Da ihm die Behörden glaubten, dass eine "innere Überzeugung" zu dem Religionswechsel geführt hatte und ebenfalls davon ausgingen, dass er bei einer Rückkehr in den Iran verfolgt würde, erkannten sie dem Iraner den Status des subsidiär Schutzberechtigten zu und erteilten ihm eine befristete Aufenthaltsberechtigung. Sie verweigerten ihm jedoch die Zuerkennung der Flüchtlingseigenschaft. Bei einem Folgeantrag sei es nach österreichischem Recht erforderlich, dass der von dem Betroffenen selbst geschaffene neue Umstand - hier der christliche Glaube - Ausdruck und Fortsetzung einer bereits im Herkunftsland bestehenden Überzeugung ist. Da der Mann erst in Österreich konvertiert ist, sei sein Antrag missbräuchlich.
Die Sache landete beim EuGH, der nunmehr klarstellte: Die nach dem österreichischen Recht aufgestellte Voraussetzung ist mit dem Unionsrecht unvereinbar (Urteil vom 29.02.2024 - C-222/22).
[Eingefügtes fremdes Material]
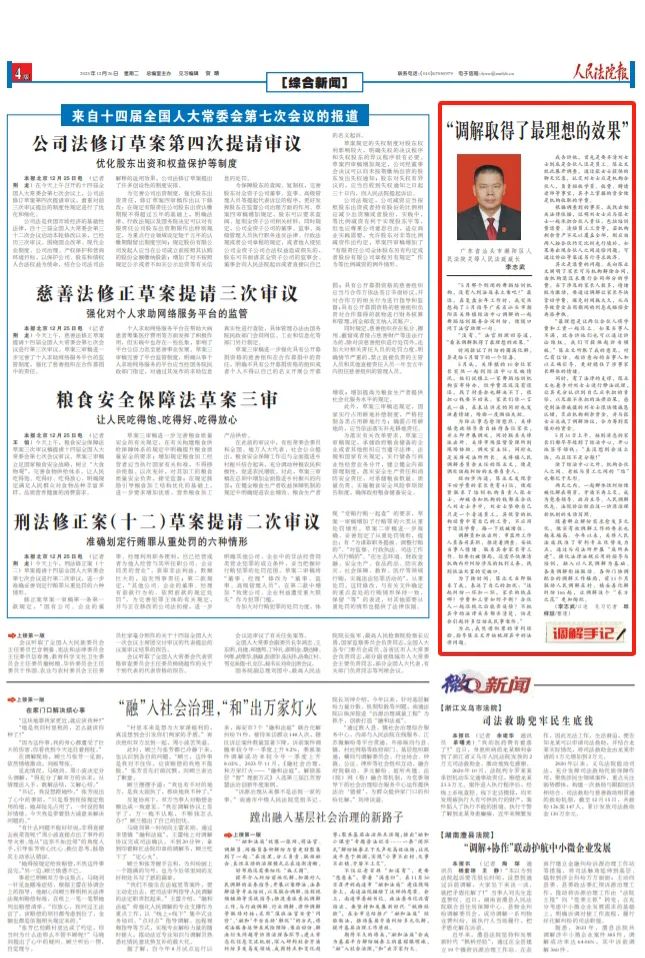 《人民法院报》12月26日4版“那个倒闭的舞蹈培训机构,没有人到法庭来立案吧?”最近在复盘全年工作时,我突然想起了5月指导汕头市潮阳区关埠镇综治中心调解的一起舞蹈培训服务合同纠纷,便随口问了法官助理一句。

Religionswechsel aus "innerer Überzeugung" schließt Missbrauchsabsicht aus
Nach der sogenannten Qualifikationsrichtlinie über Mindestnormen für die Anerkennung und den Status von Drittstaatsangehörigen könne nicht automatisch davon ausgegangen werden, dass jeder Folgeantrag, der auf Umständen beruht, die der Asylsuchende nach Verlassen des Herkunftslandes selbst geschaffen hat, auf eine Missbrauchsabsicht zurückzuführen ist.
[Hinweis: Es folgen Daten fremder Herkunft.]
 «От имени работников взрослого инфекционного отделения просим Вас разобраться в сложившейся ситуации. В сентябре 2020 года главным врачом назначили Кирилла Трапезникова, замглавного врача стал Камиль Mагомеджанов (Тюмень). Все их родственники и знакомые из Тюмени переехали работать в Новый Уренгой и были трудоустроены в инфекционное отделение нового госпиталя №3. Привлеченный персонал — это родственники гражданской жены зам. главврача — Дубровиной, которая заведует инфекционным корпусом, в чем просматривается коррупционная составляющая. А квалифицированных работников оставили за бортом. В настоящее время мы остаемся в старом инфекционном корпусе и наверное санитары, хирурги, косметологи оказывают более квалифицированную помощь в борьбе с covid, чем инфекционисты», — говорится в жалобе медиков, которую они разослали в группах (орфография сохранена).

Vorliegend hätten die österreichischen Behörden selbst festgestellt, dass der Iraner "aus innerer Überzeugung" zum Christentum konvertiert ist und diese Religion aktiv lebt. Damit sei ausgeschlossen, dass der Mann eine Missbrauchsabsicht hegte oder beabsichtigte, das anwendbare Verfahren zu instrumentalisieren.
Die Luxemburger Richterinnen und Richter wiesen außerdem darauf hin, dass selbst bei Bejahung einer Missbrauchsabsicht die Flüchtlingseigenschaft im Sinne der Genfer Flüchtlingskonvention bestehen bleibe, sofern eine Verfolgungsgefahr im Herkunftsland bestehe. Die Konvention verbietet nämlich die Ausweisung und Zurückweisung über die Grenzen von Gebieten, in denen das Leben oder die Freiheit der Person insbesondere wegen seiner Religion bedroht wäre.